I shall be glad if you will permit me to make a few remarks...

Edinburgh (Scot.) Evening News

I shall be glad if you will permit me to make a few remarks about the address on Christian Science, recently reported in your columns. Christian Scientists certainly take the inspired word of the Scriptures as their guide to Life, but that does not mean that they accept all the presentday interpretations of the Bible. Every Christian church acknowledges Jesus Christ as the Saviour of the world, but the large number of Christian sects testifies to the divergent interpretations put upon his teachings.

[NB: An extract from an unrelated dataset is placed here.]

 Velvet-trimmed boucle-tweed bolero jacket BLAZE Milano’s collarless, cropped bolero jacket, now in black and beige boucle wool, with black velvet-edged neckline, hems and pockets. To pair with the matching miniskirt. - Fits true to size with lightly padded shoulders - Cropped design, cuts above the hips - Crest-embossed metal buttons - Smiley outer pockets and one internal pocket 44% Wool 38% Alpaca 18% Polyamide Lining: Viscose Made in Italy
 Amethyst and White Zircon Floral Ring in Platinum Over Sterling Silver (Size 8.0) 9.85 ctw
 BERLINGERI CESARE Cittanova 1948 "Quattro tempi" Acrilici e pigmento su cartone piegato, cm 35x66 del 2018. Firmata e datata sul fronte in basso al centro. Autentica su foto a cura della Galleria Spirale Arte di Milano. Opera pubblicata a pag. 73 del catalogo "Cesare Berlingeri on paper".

The position of our opponent is weak; he is unable to prove his understanding of the Saviour's words by producing those signs of bodily healing which Christ Jesus declared should follow those that believe; he admits that Christian Science heals, yet he denounces the interpretation of Scripture through which the healing is wrought, and expects us to accept his interpretation as the correct one.

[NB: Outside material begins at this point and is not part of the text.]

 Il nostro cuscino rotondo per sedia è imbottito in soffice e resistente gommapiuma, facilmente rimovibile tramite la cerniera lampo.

Our critic says it is a remarkable thing that the great majority of the members of the Christian Science church in this country were formerly members of churches, or at least professing Christians. From this he infers that they require to be shown how unscriptural is its teaching. We believe, however, that an open-minded public will agree with us that this fact tends to show that Christian Science is truly in accord with the Scriptures, since it has been accepted by so large a number of people well informed as to the doctrines and practise of Christianity. In his first address, the lecturer admitted that Christian Science improves both the health and the morals of men, but he went on to declare that Christian Science teaches people to disregard sin, to say it is unreal, and leave it at that. It is not necessary to be a profound student of human nature to see that a total disregard of sin could not raise the standard of morals. Mrs. Eddy, in all her works, maintains that all the sin, disease, and sorrow in the world is the result of wrong thinking, sinful or ignorant, conscious or unconscious. She shows that in order to escape from sin we must cease to believe in it as possessing power, necessity, or attraction, and that this can only be done by gaining a far clearer perception and a much more intimate sense of God's abiding presence and infinite power.